Summary: The voluntary decision by France's National Center for Space Studies to dump more than 100,000 pages of witness testimony, photographs, film footage and audiotapes from its secret UFO archives onto its Internet site, http://www.cnes.fr, for worldwide viewing is an unprecedented move among Western countries.
By Molly Moore
Washington Post Foreign Service
Friday, March 23, 2007; Page A14
PARIS, March 22 -- On an August day in 1967, two children tending a herd of cows outside a village in central France reported seeing "four small black beings" fly from the ground and slip headfirst into a sphere that shot skyward in a flash of light and trail of sulfuric odors.
The alleged extraterrestrial sighting, described by the French government as "one of the most astonishing observed in France," is among 1,600 UFO case files spanning the last half-century that the country's space agency opened to the public for the first time Thursday.

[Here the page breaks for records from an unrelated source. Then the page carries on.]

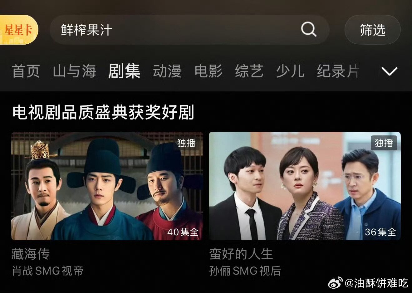 这波优酷真的爽到了,SMG视帝视后都是它的独播剧,优酷也是横扫SMG了
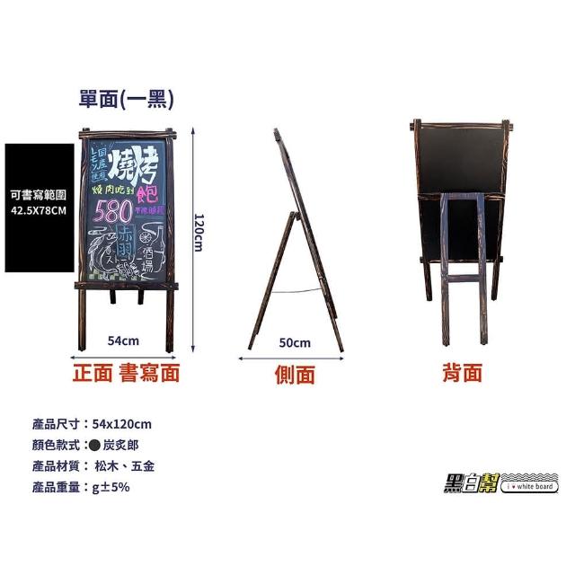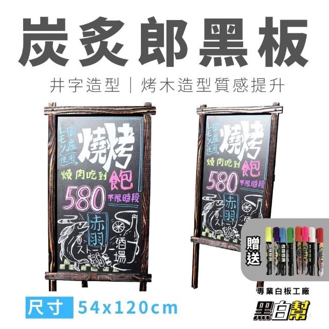 黑白幫烤木炭炙郎黑板架 54x120cm+彩繪筆一組(黑板立牌 落地黑板 餐廳黑板 )
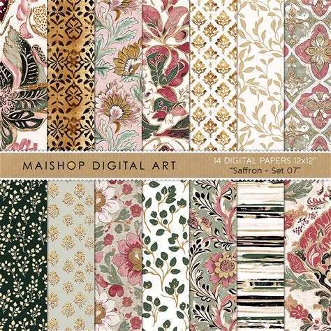 Indian Motif Seamless Pattern Set 14 Elegant Designs In Soft Tones For Scrapbooking, Fabric Printing, POD And More Saffron Set 07
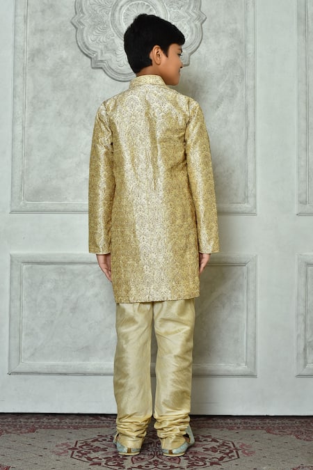 Beige Silk Embroidery Paisley Kurta And Churidar Set
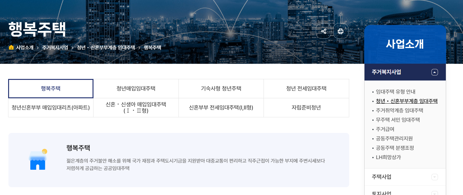 - 3순위 : 본인의 월평균 소득이 전년도 도시근로자 1인 가구 월평균소득 100% 이하, 행복주택(청년) 자산기준 충족
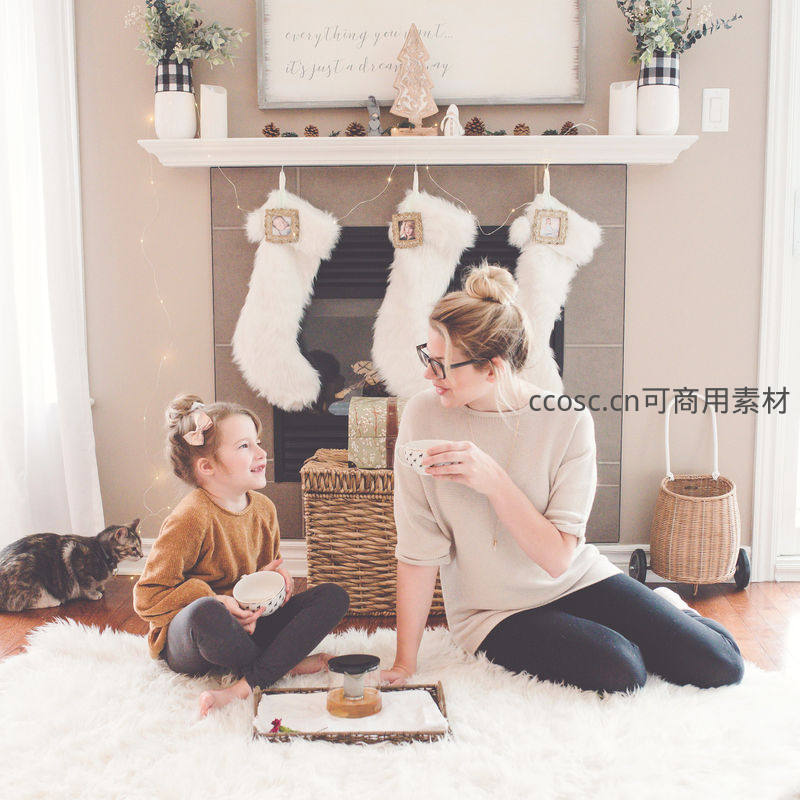 母亲与女儿坐在柔软的地毯上,围绕着装饰有圣诞袜的壁炉,享受一杯热饮,身旁猫咪相伴,满是节日的暖意。
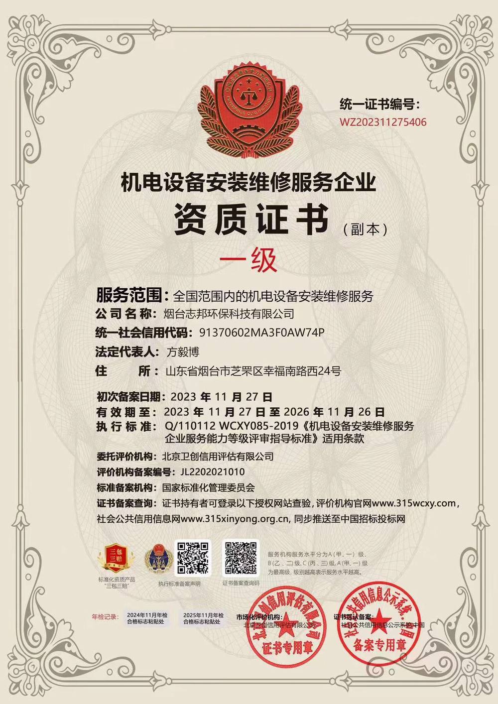 機電設備安裝維修服務企業資質證書 一級

The voluntary decision by France's National Center for Space Studies to dump more than 100,000 pages of witness testimony, photographs, film footage and audiotapes from its secret UFO archives onto its Internet site, http://www.cnes.fr, for worldwide viewing is an unprecedented move among Western countries. Most of them, the United States included, consider such records classified matters of national security.
Within three hours of posting the first cases Thursday morning, the French space agency's Web server crashed, overwhelmed by the flood of viewers seeking the first glimpses of official government evidence on a subject long a target of both fascination and ridicule.
The material dates as far back as 1954. Over the next several months, the space agency will post it to enhance scientific research seeking to explain what the French government calls "unexplained aerospace phenomena."
"The data that we are releasing doesn't demonstrate the presence of extraterrestrial beings," said Jacques Patenet, who heads the Group for the Study and Information on Unidentified Aerospace Phenomena, the space agency's UFO investigative team. "But it doesn't demonstrate the impossibility of such presence either. The questions remain open."
Patenet said that among the 1,600 cases to be opened to the public, "a few dozen are very intriguing and can be called UFOs."
Most of the cases were determined to be caused by atmospheric anomalies or mistaken perception of such things as airplane lights, or to be hoaxes. One case file described how investigators proved a man was lying about being abducted by aliens when blood tests failed to show he had recently experienced the weightlessness of space travel.
In one of the cases investigators consider most credible, a 13-year-old boy and his 9-year-old sister were watching over their family's cows near the village of Cussac on Aug. 29, 1967, when the boy spotted "four small black beings" about 47 inches tall, according to documents released Thursday. Thinking they were other youngsters, he shouted to his sister, "Oh, there are black children!"
But as they watched, the four beings became agitated and rose into the air, entering the top of what appeared to be a round spaceship, about 15 feet in diameter, which hovered over the field. Just as the sphere rose up, one of the passengers emerged from the top, returned to the ground to grab something, then flew back to the sphere.
The sphere rose silently in a spiral pattern, then "became increasingly brilliant" before disappearing with a loud whistling sound. It left "a strong sulfur odor after departure," the report said.
The children raced home in tears and their father summoned the local police, who "noted the sulfur odor and the dried grass at the reported place where the sphere took off," the report continued. Investigators said they were impressed by the uniformity of detail provided by the children and other witnesses.
"No rational explanation has been given to date of this exceptional meeting," the investigation concluded.
One of the most detailed inquiries involved the report of an Air France crew flying near Paris on Jan. 28, 1994. Three crew members spotted a large reddish brown disk "whose form is constantly changing and which seems very big in size." As the passenger plane crossed its trajectory, the object "disappeared on the spot," the report said.
Radar signatures confirmed an object of the same size and location described by the crew and led investigators to conclude that "the phenomenon is not explained to date and leaves the door open to all the assumptions."
Patenet, the leader of the space agency's investigative team, said his group receives about 100 new cases a year and usually opens investigations on about 10 percent of them. "In 99 percent of the cases, the witnesses are perfectly sincere," he said. "They saw something. Most of the time what they saw is a perfectly natural phenomenon that has been perceived in an erroneous way."
Patenet said he has never seen a UFO. "I would personally find it abnormal to think that we're the only civilization in the universe, but the probability of various civilizations coming across each other is also very slim."
Researchers Corinne Gavard in Paris and Robert E. Thomason in Washington contributed to this report.